Haitian Compas Festival at the Forefront with Newest Elation Gear

In May, some of Elation Professional’s newest, cutting-edge lighting gear was used by Lighting Designer Daniel Cortes of Everlast Productions on the Haitian Compas Festival in Miami, one of the largest Caribbean festivals in the United States. The Haitian Compas Festival is a yearly celebration of the Haitian community that features popular musical acts along with traditional Haitian food and other facets of Haitian culture. After 18 years as a one-day event, this year’s festival was held over two days from 20-21st May at Bayfront Park in downtown Miami.

For Miami’s Haitian community, Compas was an opportunity to put the méringue sounds of konpa (compas) music in focus while partying beneath the bright lights of a truly contemporary rig. This year an all-Elation rig provided the visual dynamics with some of the company’s newest lighting products in action: IP-rated Proteus Beam moving heads, Paladin blinder/strobe/wash lights, Platinum 1200 Wash lights and DTW Blinder 700 IP variable white LED blinders, as well as Elation’s award-winning Platinum FLX hybrid moving head and the long-time industry workhorse beam light, the Platinum Beam 5R Extreme.

Everlast Productions of Dania Beach, Florida, has provided lighting services for the festival for several years with Everlast’s Daniel Cortes serving as lighting designer and programmer for this year’s event.

Proteus Beam                                                                                                           The Elation lighting filled a series of horizontal trusses with some lights working from the floor. The new IP65-rated Proteus Beam worked from a downstage position and was used for front wash and dynamic effects for the audience. “My game plan was to use the frost on the fixtures and front wash the band with the beams and it worked out just fine,” commented Cortes, who worked with the Proteus fixtures for the first time. “They have CMY mixing capability so changing colours while cues were being played was smooth. I was able to create audience looks and make it look great.”
Cortes also turned to the Proteus Beam’s selection of rotating and static-stamped gobos to project dynamic mid-air looks from a mid-downstage position, which he said “looked awesome,”.

“The Proteus Beams are definitely something I will use whenever I have the opportunity again. It was also important that these fixtures were weather protected as they were exposed on the downstage. Their IP65 rating meant there were no worries.” he added.

Mid-stage effects                                                                                                 Working from the mid-stage on three separate runs of 30-inch truss were Platinum 1200 Wash fixtures, Paladin units and Platinum Beam 5R Extremes.
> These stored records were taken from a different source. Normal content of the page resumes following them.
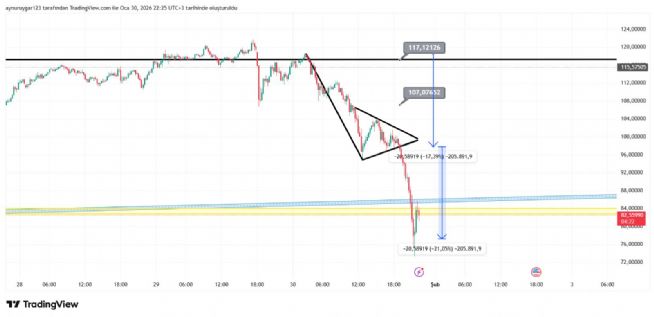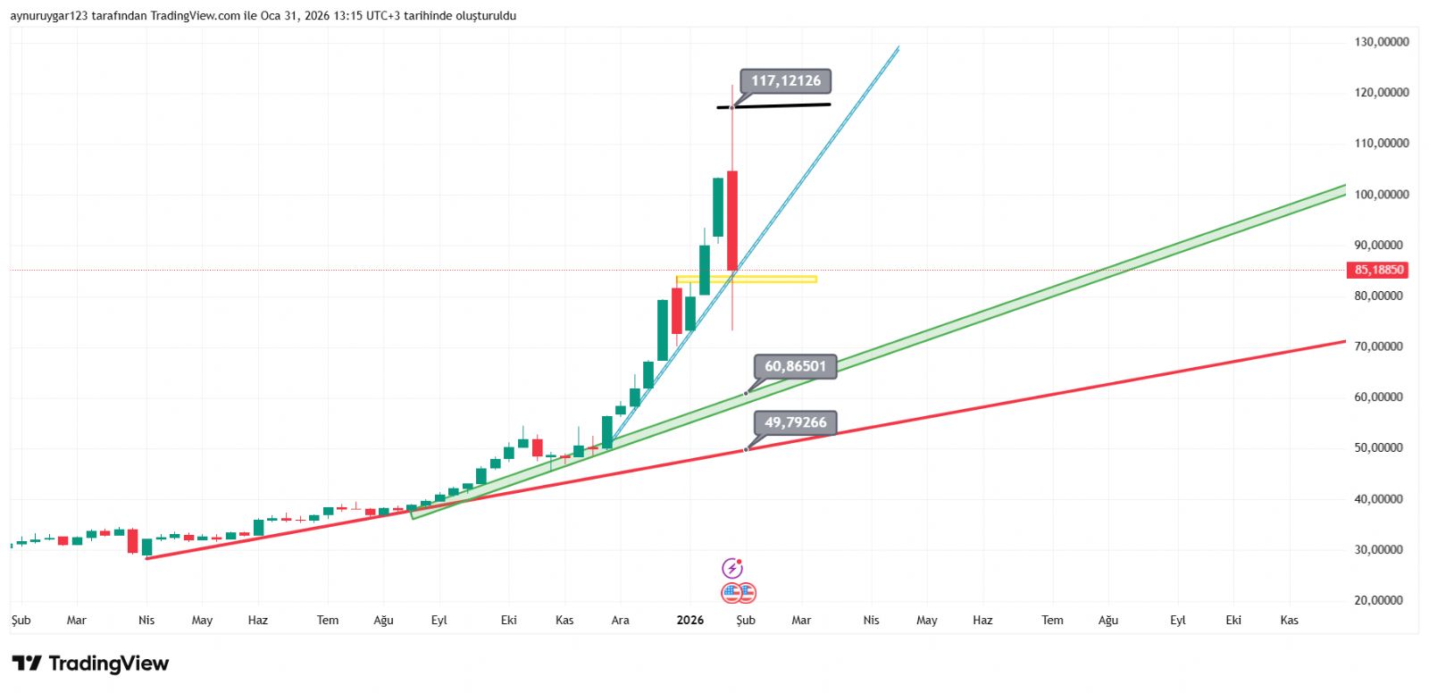 7. ons gümüş 2026 yıl icinde 84 altina inmemeli . yoksa 6 aylık yıllık mum fitile dönüşebilir.
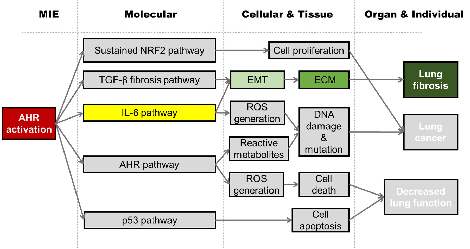 AHR activation leading to lung fibrosis via IL-6 tox path
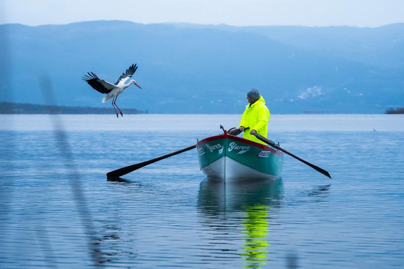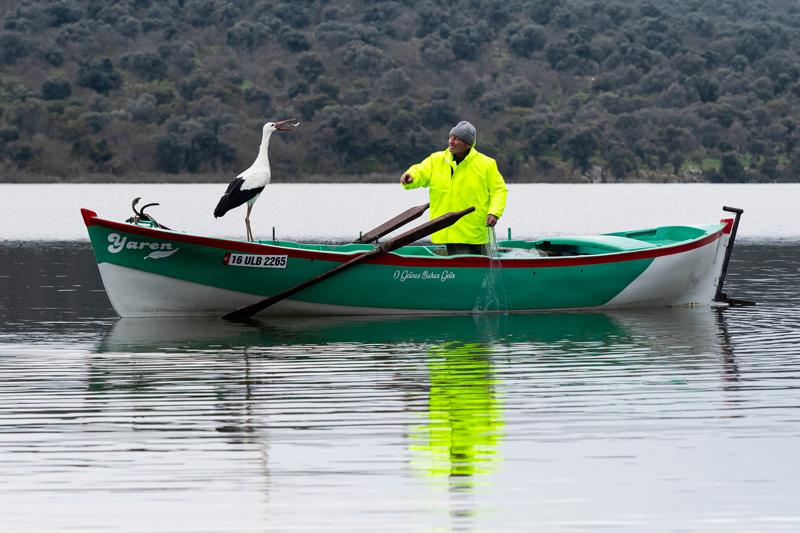 Yaren leyleğin, göl manzaralı yuvasının bulunduğu mahallede balıkçı Yılmaz'ın kayığındaki geleneksel pozu, doğa ve yaban hayatı fotoğrafçısı Alper Tüydeş tarafından kayda alındı.
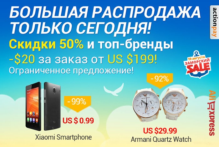 Миллионы товаров со скидками от 50% до 99%! Ограниченное предложение на часы Armani Quartz Watch от US $29,99, смартфоны Xiaomi от US $0,99 и многие другие товары
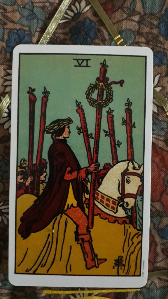 Avem un călăreț pe un cal alb(simbol al purității, al drumului autentic) care poartă bagheta și coroana de flori în vârful acesteia(simbol al succesului și împlinirii), care merge privind înainte într-o mare de oameni/baghete.
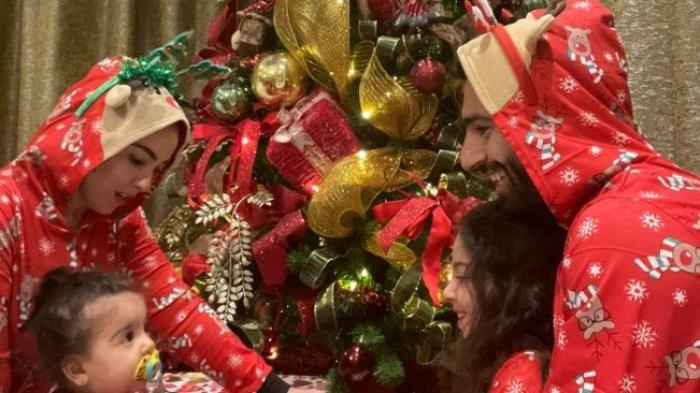 Dalam unggahan tersebut, Mohamed Salah sekeluarga tampak menggunakan baju seragam bertema natal dengan pohon natal di tengah mereka.
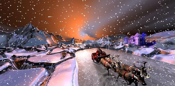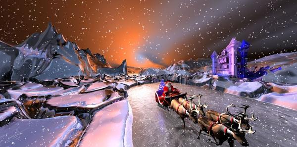 I do like the addition of the snow to the image. The composition is very interesting and the touch of red is a nice control. I think that if I were working on this image I would scale up the building just a bit more. I would do this because as it stands now there is not enough real estate between where Santa is and the castle. So the castle seems to be too small to my eye. After doing that then the mountain on the left may have to be a bit bigger to counter weight the building. I would also introduce that pretty purple/blue color of the building in at least one more place. Maybe a present in Santa's bag and then some where in the canyons to the left of Santa. I would do this so that my eye would not be pulled to the building. If I did not like that then I would consider changing the color of the building to more the orange that is in the sky. Either way I would want my viewer to see Santa and his sleigh and reindeer and keep them as their focus. I might add a spot light on Santa as well. Don't know if that will work but I would try it and see. Might be cool to see if a three spot rig could give me some additional rim light on him.
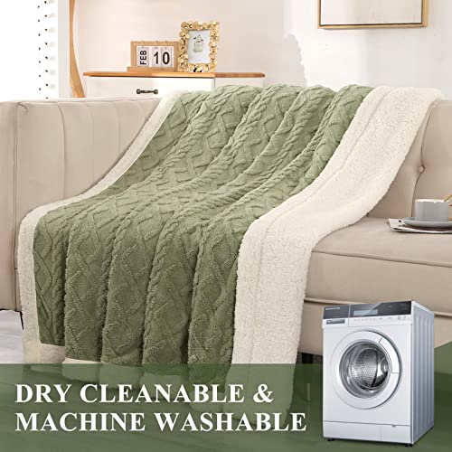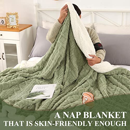 DECMAY Sherpa Fleece Throw Blanket 150x200cm, Fluffy Soft Warm Throws for Sofa Large Fleece Thick Blanket for Bed, Couch, Sofa and Chair, Sage Green
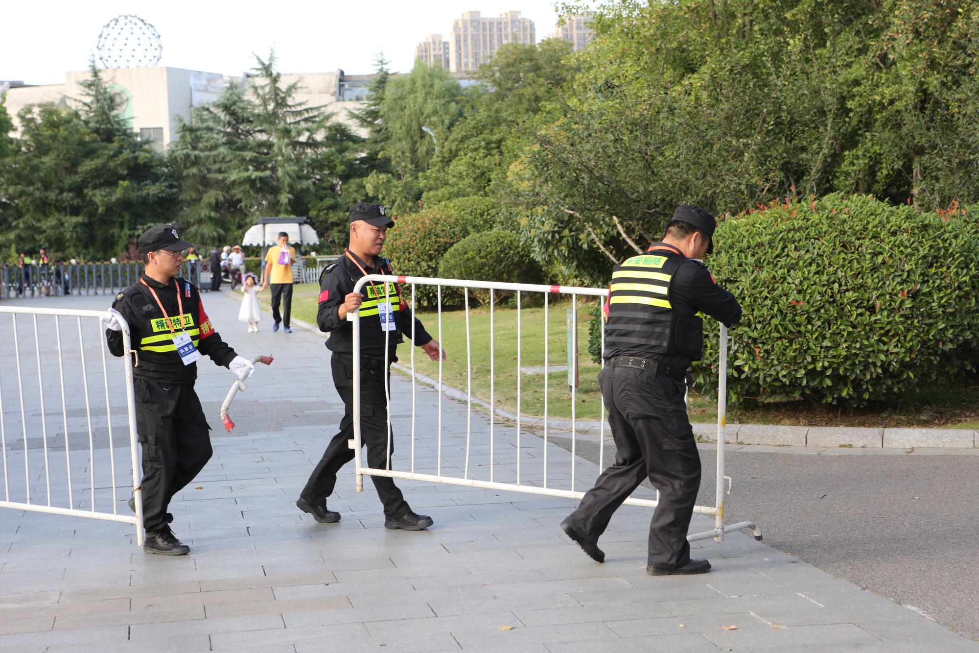 在安保执勤期间,队员们精神饱满、认真负责,定人定岗落实现场勤务,科学规划交通线路,引导车辆安全进出和有序停放、积极协助开展安全检查、引导观众有序入场和内外场地巡控等工作。
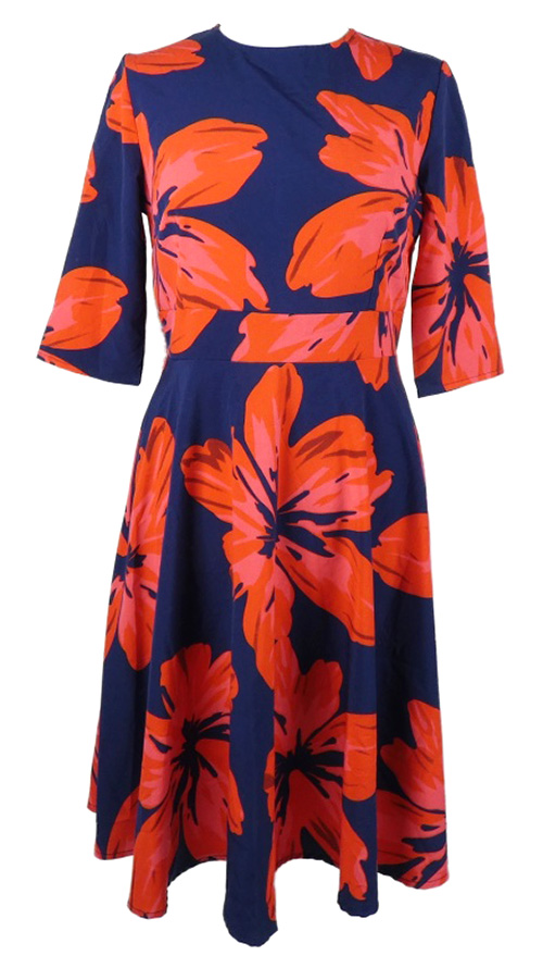 Nové - Dámske tmavomodro-jahodové kvetované šaty
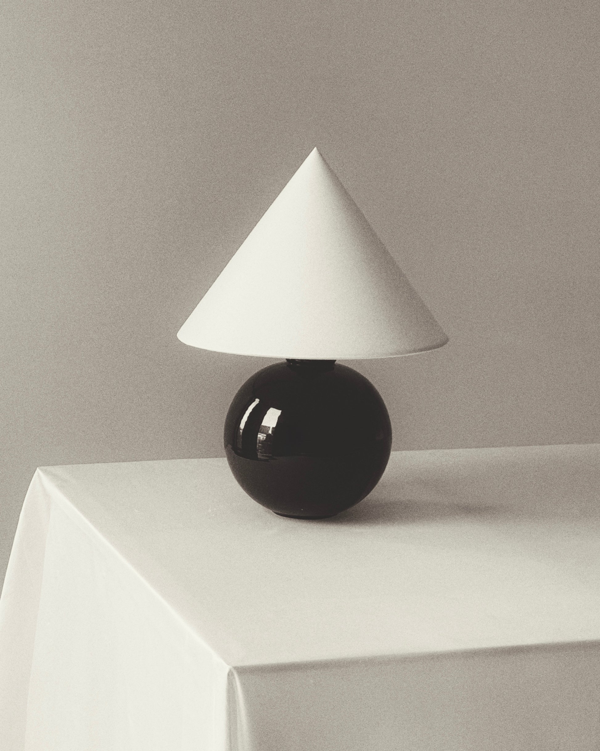 Hand-glazed ceramic base and conical lampshade in soft eggshell silk. Made in Montreal. Each piece is individually made, offering subtle variations that make every lamp one of a kind. Designed with a North American plug and crafted in limited quantities, this is a final sale item with no returns or exchanges.

The Platinum 1200 Washes were used for backlight with their 19 individual pixel RGBW LEDs allowing Cortes to pixel map and create eye candy looks for camera. “They are crazy bright so I was also using them for solo band positions,” he said. “I am a big fan of zoom effects so using the 8 to 77-degree zoom as a chase effect looked great with haze.”

Cortes was one of the first in North America to get his hands on the IP65-rated Paladin, Elation’s new versatile hybrid LED luminaire with zoom that functions as a brilliantly bright blinder, powerful strobe and high output wash light. “The Paladin fixtures are just phenomenal all the way around,” he said. “I pixel-mapped them along with the Platinum 1200 Wash units and they gave a powerful creative look to the show.” Like the Proteus Beams, Cortes found creative ways to use the Platinum Beam 5R Extremes, a light he has been using since its first generation. “Since I used frost on the Proteus Beams for front light I really never thought about using them on beams since I really only use them for dynamic effects,” he said. “When a song ended I used the frost on the 5R Beams to sweep them to the audience and swipe from the upstage to the downstage with beams and then give it a bang with frost.”

Cortes used another of Elation’s newer lights, the variable-white DTW Blinder 700 IP, which were used as traditional audience blinder effects or warmed to enhance special moments. “The DTW Blinders were crazy bright as a blinder effect,” he said, “and their warm white and amber COB LEDs gave a nice ambient look as the music slowed down and a slow look came up.”

Platinum FLX
The innovative lighting technology continued upstage where Elation Platinum FLX hybrid units were placed on stage in front of an LED riser and flown in the air. “The FLX is a great spot fixture and also great for dynamic beam effects, great gobos and the zoom is awesome,” Cortes said of the award-winning multifunctional light. “What I really like about them, since we do a lot of corporate work, is the gobos, which are great. So is the focus and zoom. You can go from colour mixing to colour wheel and you can’t really notice the snap.” With so many versatile lights at his disposal, Cortes was able to create an endless stream of stunning looks throughout the two-day festival. “We used swipes, aerials, colours, all the fun stuff mixed in to make the show look great,” he concluded. “Combined with the different pixel cells and different layers it gave a lot of possibilities.”